Extracted records
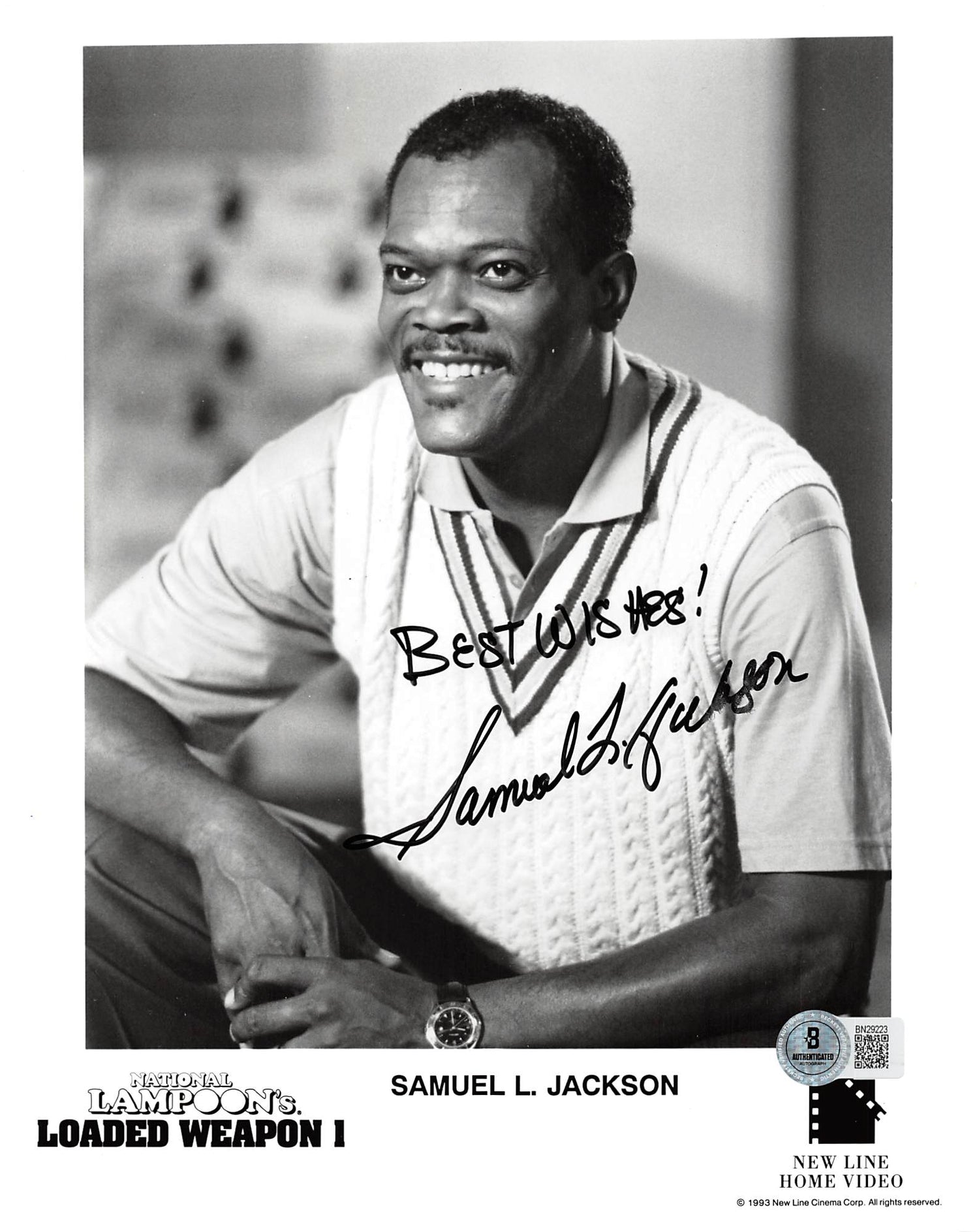 Own a piece of pop culture history with this Autographed 8x10 Photo personally signed by Samuel L. Jackson from the cult classic National Lampoon's Loaded Weapon 1. This exclusive collectible captures an iconic moment and includes the inscription "Best Wishes!", making it a must-have for fans and collectors alike.
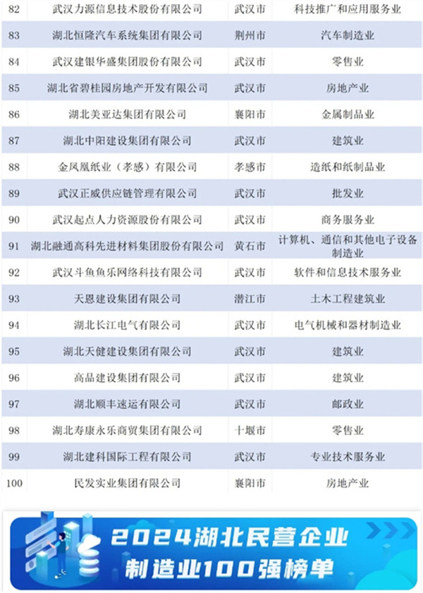 2024湖北民營企業(yè)百強(qiáng)榜單發(fā)布
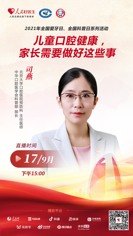 9月17日15:00—16:00,我們將邀請北京大學(xué)口腔醫(yī)院預(yù)防科主任醫(yī)師、中華口腔醫(yī)學(xué)會科普部部長司燕做客人民好醫(yī)生名醫(yī)直播欄目,給大家科普關(guān)注兒童口腔健康問題,作為家長需要做好的那些事。
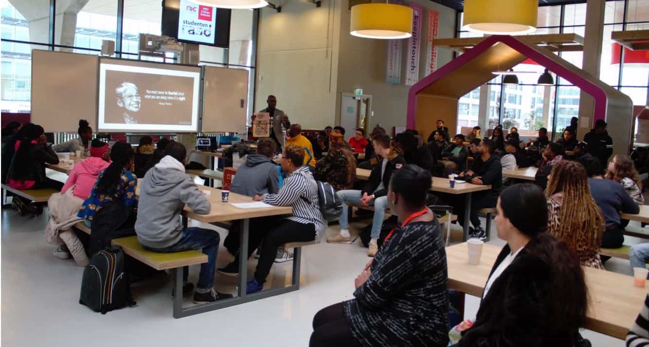 Activist Mitchell Esajas die samen met Jerry Afriyie enkele weken geleden de rechtzaak won tegen de blokkeerfriezen, gaf een korte presentatie over het ontstaan van zwarte Piet en waarom hijj zich ertegen verzet. “Er zijn mensen die zwarte Piet genoemd worden vanwege hun huidskleur. IK heb het nooit meegemaakt, maar mijn moeder wel. Neven van me. Vrienden van me. Ik wil in een land wonen waar onze kinderen dat niet meer hoeven mee te maken,” vertelde hij de zaal die aan zijn lippen hing. “Ik hoop dit in de toekomst niet meer te hoeven doen; maar naar hier te kunnen komen met deze rolmodellen om onze jongeren te laten zien wat kan.”
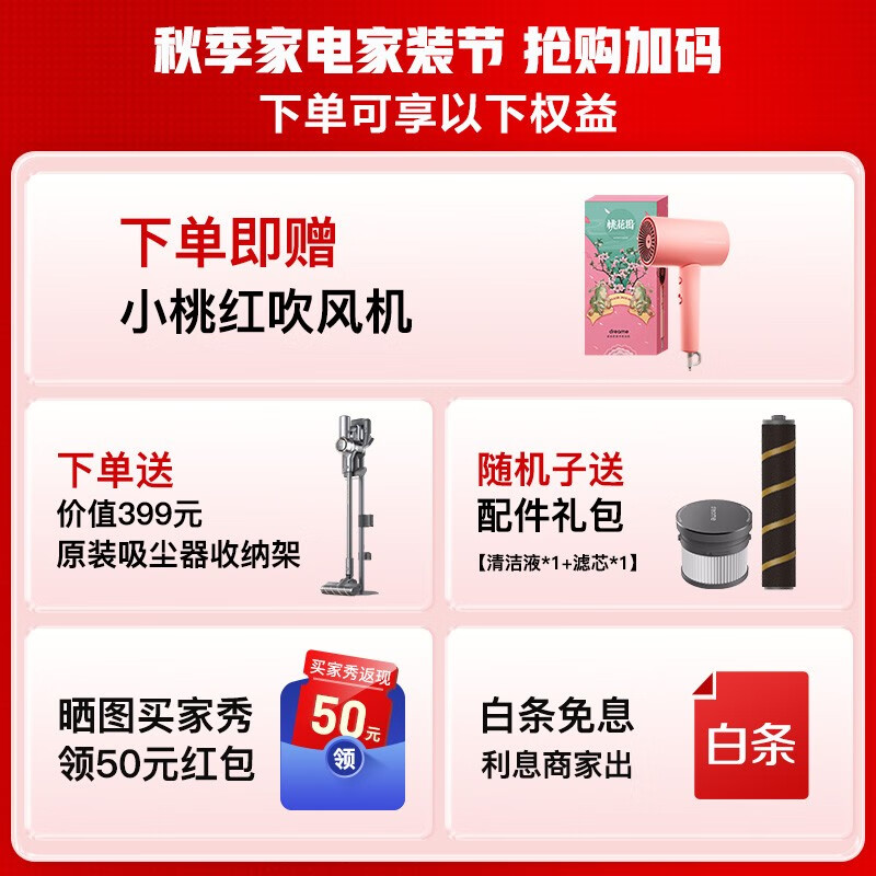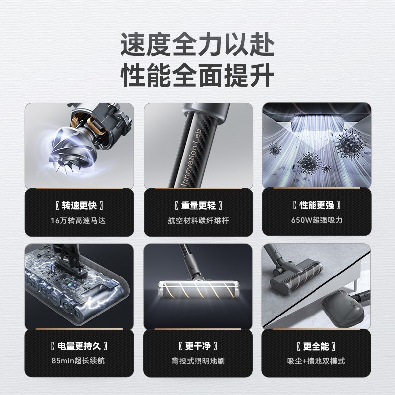 追觅(dreame)V16手持式吸尘器于2021年9月发布,采用自研SPACE 6.0高速无刷马达,最高转速16万转/分钟,整机功率650W,支持“持久”、“强劲”、“超强”三挡吸力调节,最长续航能力达到85分钟。延长杆使用碳纤维材质,相比传统的金属杆轻了29%。内置12锥旋风分离系统,可实现最高99.6%的尘气分离。配备高清全彩显示屏,机器状态一目了然。搭载背投式照明地刷,并配备光感传感器,黑暗环境自动照明清洁;附赠旋转擦地吸头,配合200mL水箱更好去除顽固污渍;其它配件包括肘弯式转接头、宽扁吸、软毛刷、窄缝照明吸头等。

Problem description:
Each entry gets copied exactly; the pictures stay out.

Answer section:
 Own a piece of pop culture history with this Autographed 8x10 Photo personally signed by Samuel L. Jackson from the cult classic National Lampoon's Loaded Weapon 1. This exclusive collectible captures an iconic moment and includes the inscription "Best Wishes!", making it a must-have for fans and collectors alike.
 2024湖北民營企業(yè)百強(qiáng)榜單發(fā)布
 9月17日15:00—16:00,我們將邀請北京大學(xué)口腔醫(yī)院預(yù)防科主任醫(yī)師、中華口腔醫(yī)學(xué)會科普部部長司燕做客人民好醫(yī)生名醫(yī)直播欄目,給大家科普關(guān)注兒童口腔健康問題,作為家長需要做好的那些事。
 Activist Mitchell Esajas die samen met Jerry Afriyie enkele weken geleden de rechtzaak won tegen de blokkeerfriezen, gaf een korte presentatie over het ontstaan van zwarte Piet en waarom hijj zich ertegen verzet. “Er zijn mensen die zwarte Piet genoemd worden vanwege hun huidskleur. IK heb het nooit meegemaakt, maar mijn moeder wel. Neven van me. Vrienden van me. Ik wil in een land wonen waar onze kinderen dat niet meer hoeven mee te maken,” vertelde hij de zaal die aan zijn lippen hing. “Ik hoop dit in de toekomst niet meer te hoeven doen; maar naar hier te kunnen komen met deze rolmodellen om onze jongeren te laten zien wat kan.”
 追觅(dreame)V16手持式吸尘器于2021年9月发布,采用自研SPACE 6.0高速无刷马达,最高转速16万转/分钟,整机功率650W,支持“持久”、“强劲”、“超强”三挡吸力调节,最长续航能力达到85分钟。延长杆使用碳纤维材质,相比传统的金属杆轻了29%。内置12锥旋风分离系统,可实现最高99.6%的尘气分离。配备高清全彩显示屏,机器状态一目了然。搭载背投式照明地刷,并配备光感传感器,黑暗环境自动照明清洁;附赠旋转擦地吸头,配合200mL水箱更好去除顽固污渍;其它配件包括肘弯式转接头、宽扁吸、软毛刷、窄缝照明吸头等。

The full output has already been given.